Re: Weird failure with latches in curculio on v15

From: Nathan Bossart <nathandbossart(at)gmail(dot)com>
To: Andres Freund <andres(at)anarazel(dot)de>
Cc: Tom Lane <tgl(at)sss(dot)pgh(dot)pa(dot)us>, Thomas Munro <thomas(dot)munro(at)gmail(dot)com>, Fujii Masao <fujii(at)postgresql(dot)org>, Michael Paquier <michael(at)paquier(dot)xyz>, Postgres hackers <pgsql-hackers(at)lists(dot)postgresql(dot)org>
Subject: Re: Weird failure with latches in curculio on v15
Date: 2023-02-01 17:58:06
Message-ID: 20230201175806.GA3199959@nathanxps13
Views: Raw Message | Whole Thread | Download mbox | Resend email
Thread:
Lists: pgsql-hackers

On Wed, Feb 01, 2023 at 08:58:01AM -0800, Andres Freund wrote:
> On 2023-02-01 10:12:26 -0500, Tom Lane wrote:
>> The fundamental issue is that we have no good way to break out
>> of system(), and I think the original idea was that
>> in_restore_command would be set *only* for the duration of the
>> system() call. That's clearly been lost sight of completely,
>> but maybe as a stopgap we could try to get back to that.
>
> We could push the functions setting in_restore_command down into
> ExecuteRecoveryCommand(). But I don't think that'd end up necessarily
> being right either - we'd now use the mechanism in places we previously
> didn't (cleanup/end commands).

Right, we'd only want to set it for restore_command. I think that's
doable.

> And there's just plenty other stuff in the 14bdb3f13de 9a740f81eb0 that
> doesn't look right:
> - We now have two places open-coding what BuildRestoreCommand did

This was done because BuildRestoreCommand() had become a thin wrapper
around replace_percent_placeholders(). I can add it back if you don't
think this was the right decision.

> - I'm doubtful that the new shell_* functions are the base for a good
> API to abstract restoring files

Why?

> - the error message for a failed restore command seems to have gotten
> worse:
> could not restore file \"%s\" from archive: %s"
> ->
> "%s \"%s\": %s", commandName, command

Okay, I'll work on improving this message.

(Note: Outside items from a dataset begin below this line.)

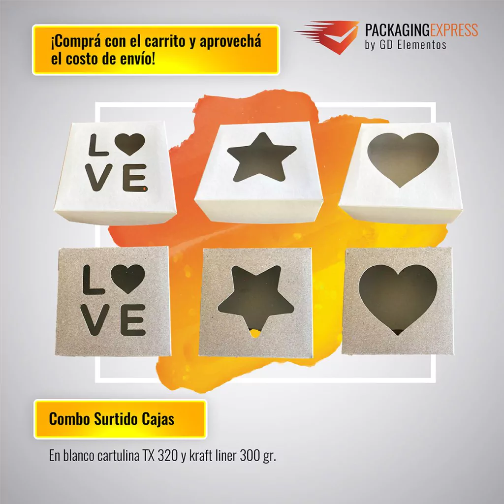 Caja Base y Tapa 1 pieza Caladas con Visor Combo Surtido Kraft
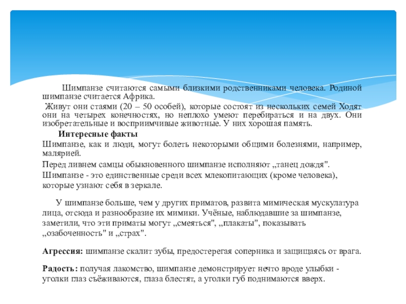 Слайд 19 Шимпанзе считаются самыми близкими родственниками человека. Родиной шимпанзе
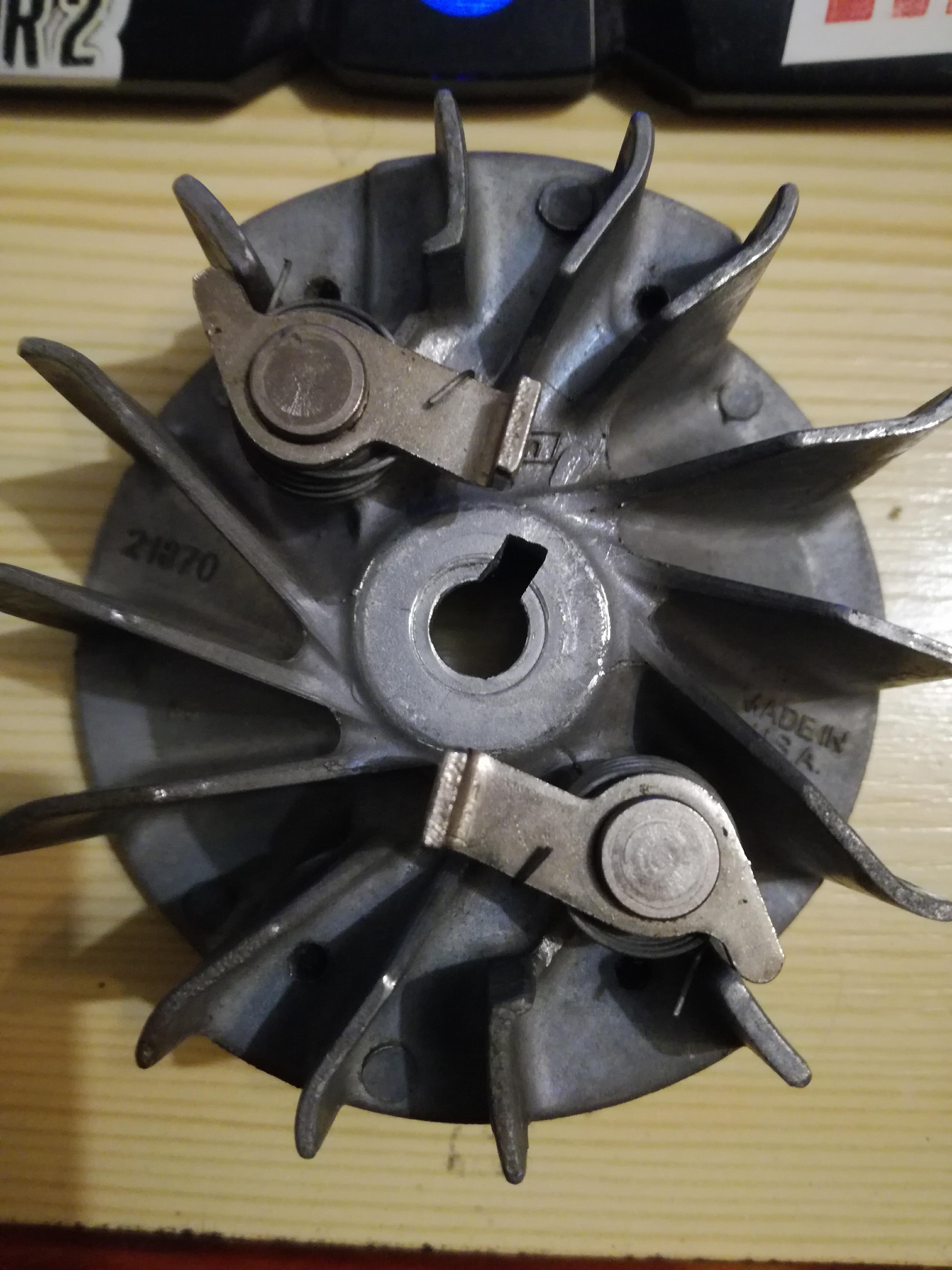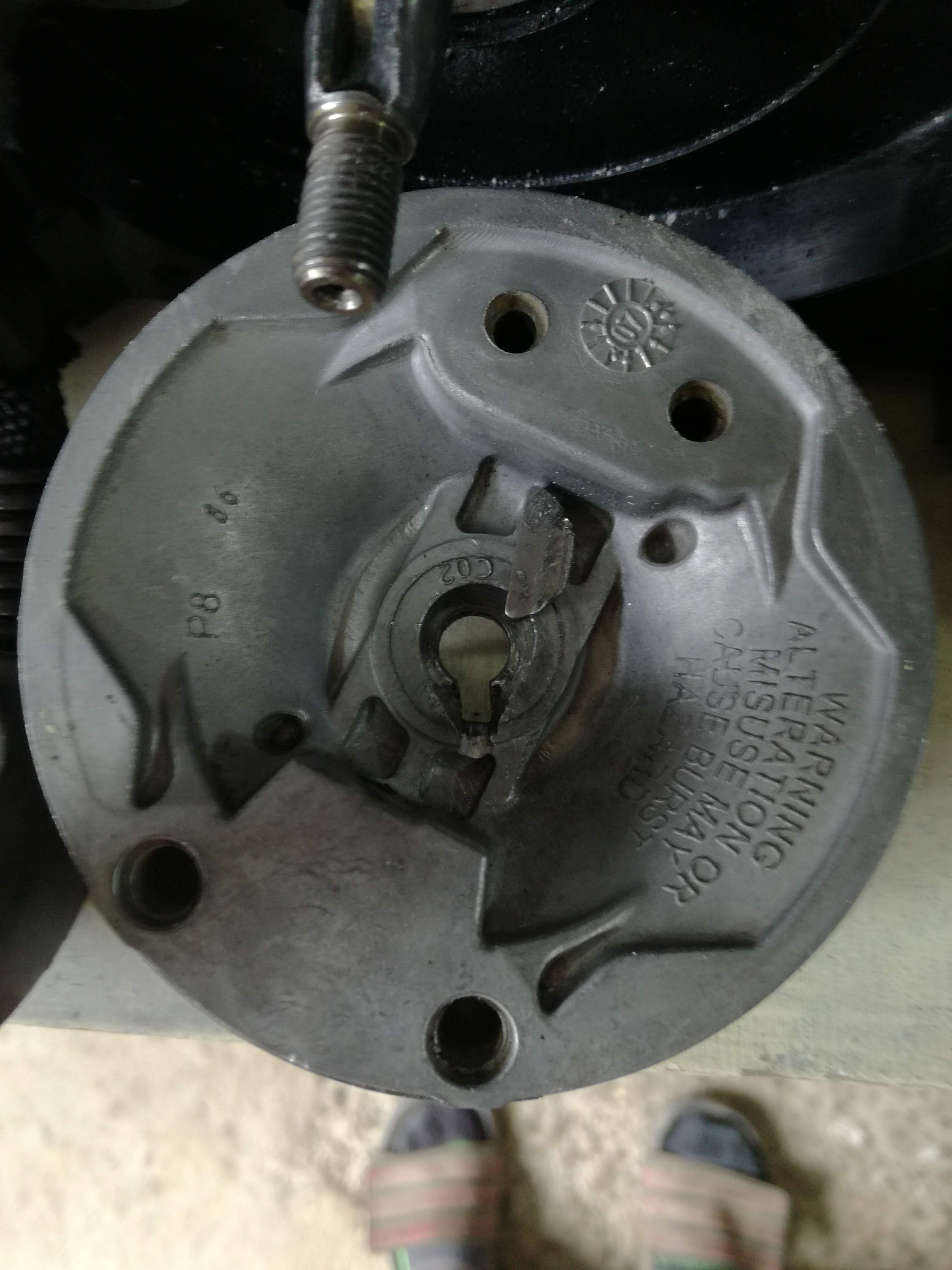 Spojení setrvačníku a klikovký je pomocí kužele a woodrufového pera. Ovšem na původním setrvačníku je to pero jako součást setvačníku je to jeden monoblok.
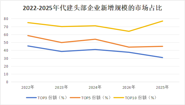 2025年新签订单有77%集中在规模TOP10企业的手里,同比2024年集中度又提高6个百分点。其中,TOP5企业就拿走了45%的份额。
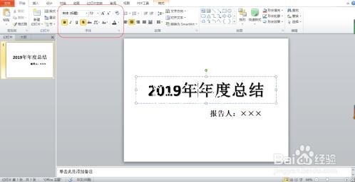2. 选中所要设置文字效果的文本,在任务栏中找到”开始“按钮并点击,找到字体一栏,选择所要修改的字体、颜色、大小等
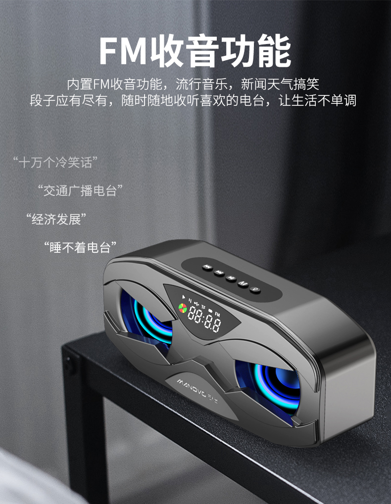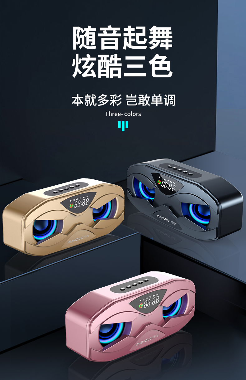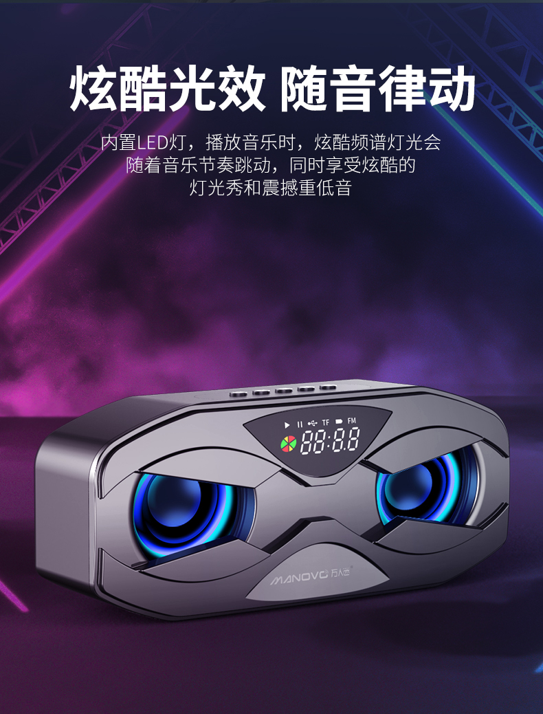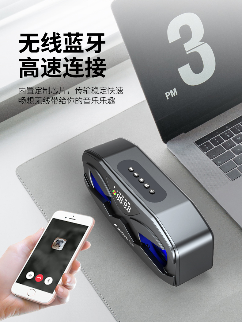 【可插内存卡,一机多用!蓝牙音响,收音机,闹钟,收款播报,还能连接手机语音通话,】蓝牙5.0,七彩灯,3喇叭6D环绕音效,,2倍音量,劲爆低音超震撼!
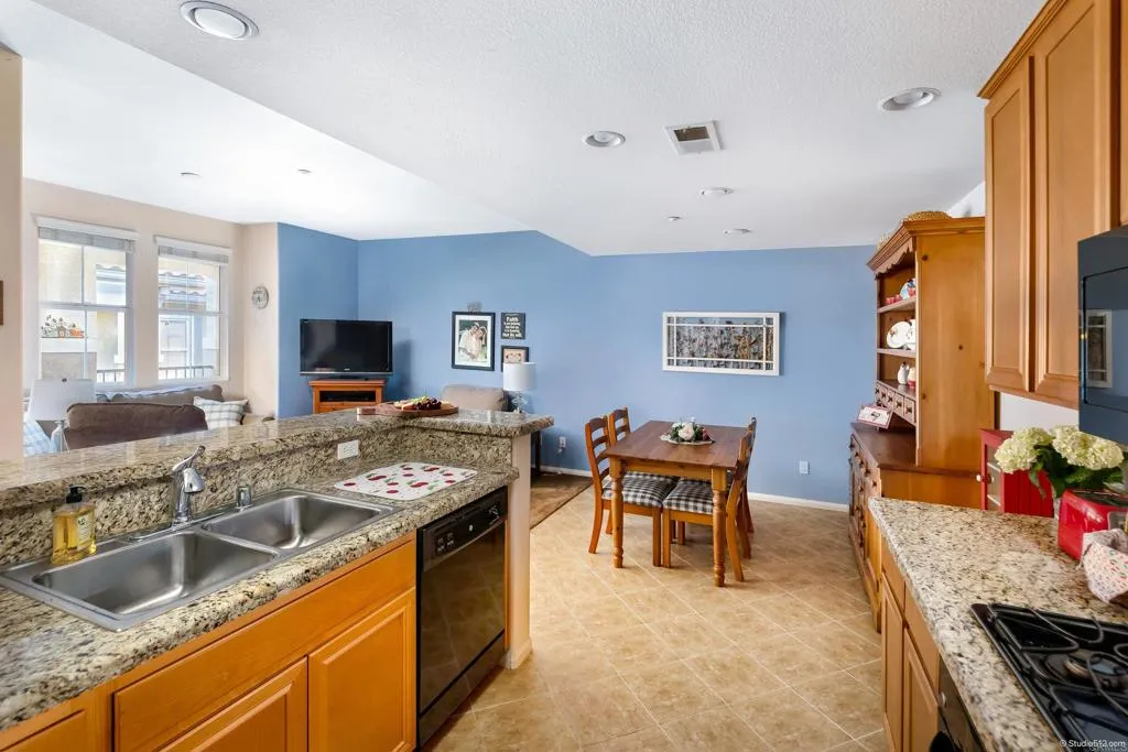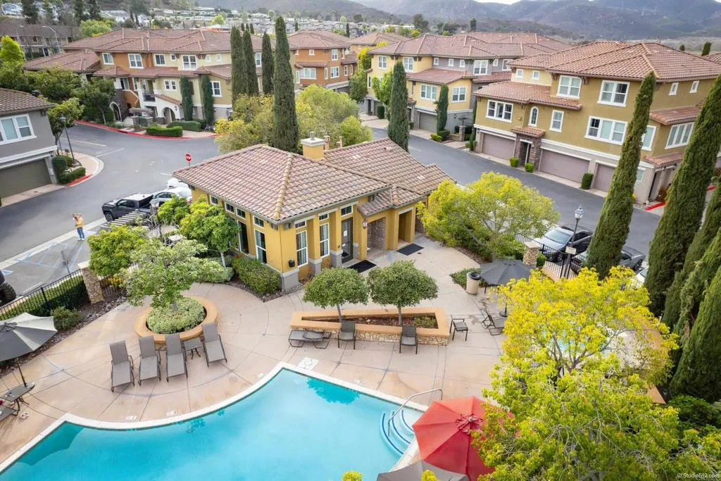 **PRICE IMPROVEMENT**Welcome to this modern, upstairs end unit in the upscale community of Treviso. This beautifully maintained home offers 2 generous sized bedrooms and 2 bathrooms. Vaulted ceilings, an open floor plan and a laundry room that fits a full size washer and dryer which convey. The Master bedroom has beautiful views and an oversized walk-in closet. Single car garage with storage and an extra parking space (#201), shady and close to the unit. There is plenty of guest parking, a sparkling heated pool and spa, clubhouse, and a barbecue area to entertain friends and family. Treviso is a safe and quiet community located minutes from Santee Lakes, Mission Trails, easy freeway access, shopping and restaurants.
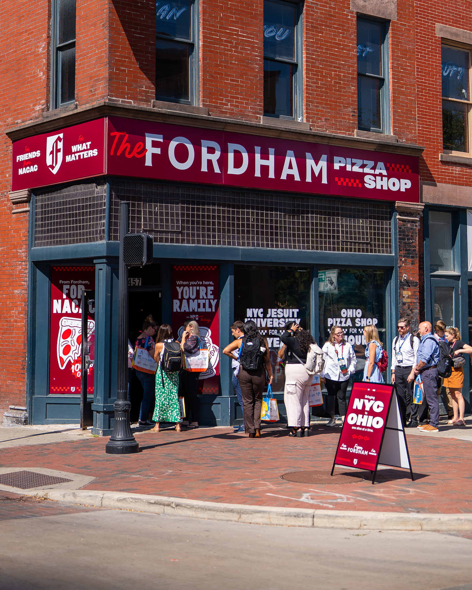 This past year, it was in Columbus, Ohio, and we actually took over a pizza shop across the street from the conference center and invited all those high school guidance counselors to come over to the pizza shop, which we renamed the Fordham Pizza Shop, in order to create a branded experience, to have them come in and get a taste of New York, and get a taste of Fordham while they were at NACAC.

> - shell_* imo is not a good namespace for something called from xlog.c,
> xlogarchive.c. I realize the intention is that shell_archive.c is
> going to be its own "restore module", but for now it imo looks odd

What do you propose instead? FWIW this should go away with recovery
modules. This is just an intermediate state to simplify those patches.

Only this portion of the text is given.